How to Build a SalesGPT (And Why You Probably Shouldn't)

Every cycle has a new version of the same sentence.

Last decade it was: "Why do we need Snowflake? We can build a data warehouse."

This decade it’s: "Why do we need Von? We can vibe code a SalesGPT in a weekend."

And I get where the ask is coming from. You’re seeing demos online where someone wires up MCP connectors to Claude or ChatGPT, points it at Salesforce and Gong, and — boom — "AI CRM." Then you see a budget line item for Von, and you think:

"Isn’t this just an MCP that connects to systems? Why are we paying for this?"

So I’m going to do something most vendors won’t. I’m not going to tell you you can’t build it in-house. I’m going to give you the blueprint for how to build it — step by step — so you can understand what you’re actually buying when you buy Von. Because the real difference between “vibe coding a demo” and “shipping a SalesGPT that runs your revenue org” is not one clever prompt. It’s an entire stack.

We spent $3.5M on R&D in 2025 and will spend $8M+ in 2026 building that stack. It took 12 months and a team of San Francisco-based top 1% AI/ML engineers who live and breathe the revenue data problem. This is what it takes to answer the questions your team will actually ask.
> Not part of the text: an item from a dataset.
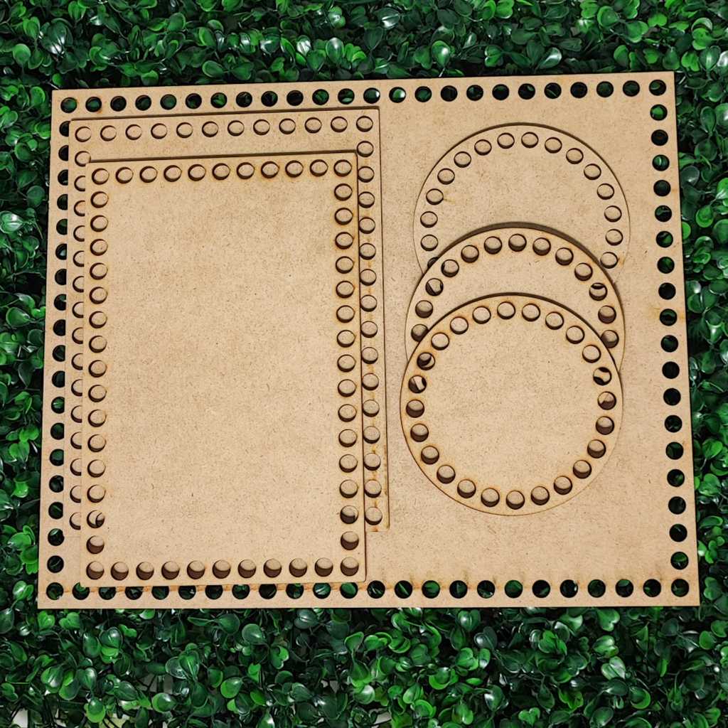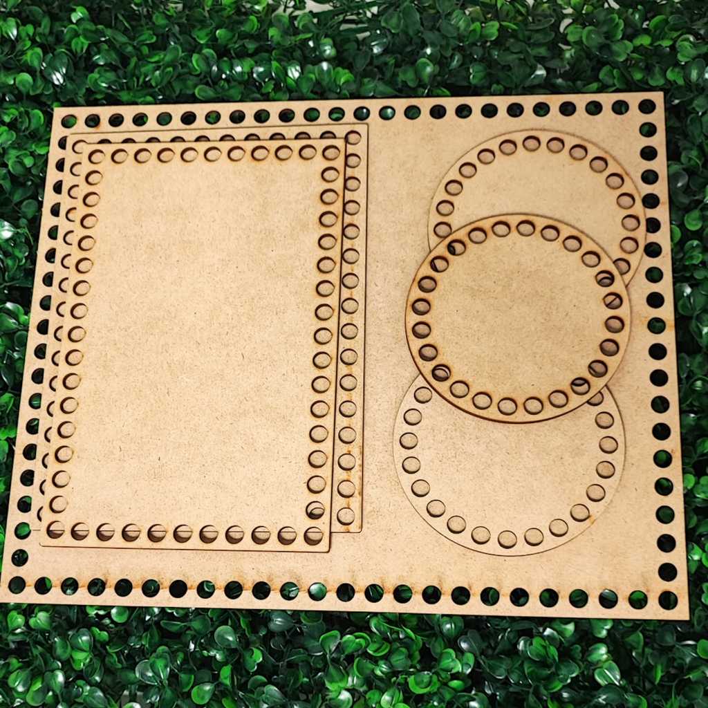 Kit Base MDF Crochê Fundo Bolsa Kit Higiene Bebê 6 Peças Fio de Malha Corte Laser

The 7 Categories of Questions Your SalesGPT Must Answer

Before you write a single line of code for your in-house SalesGPT, you need to understand the landscape of questions a SalesGPT must answer. There are seven types, and they get progressively harder:

Category 1 — Analytics. Questions over structured data (CRM, data warehouse). “What’s my win rate last quarter?”

Category 2 — Enablement. Questions over unstructured data (call recordings, internal docs). “How do we handle data privacy objections?”

Category 3 — Individual Deals. Combining structured and unstructured data for a single deal. “What’s happening with the Acme opportunity?”

Category 4 — Multiple Deals. The same structured + unstructured combination, but across hundreds or thousands of deals at once. “Which deals closing this quarter don’t have a next step?”

Category 5 — Analysis. Pattern recognition and trend analysis across your entire book of business. “Why are we losing deals for Product X in EMEA?”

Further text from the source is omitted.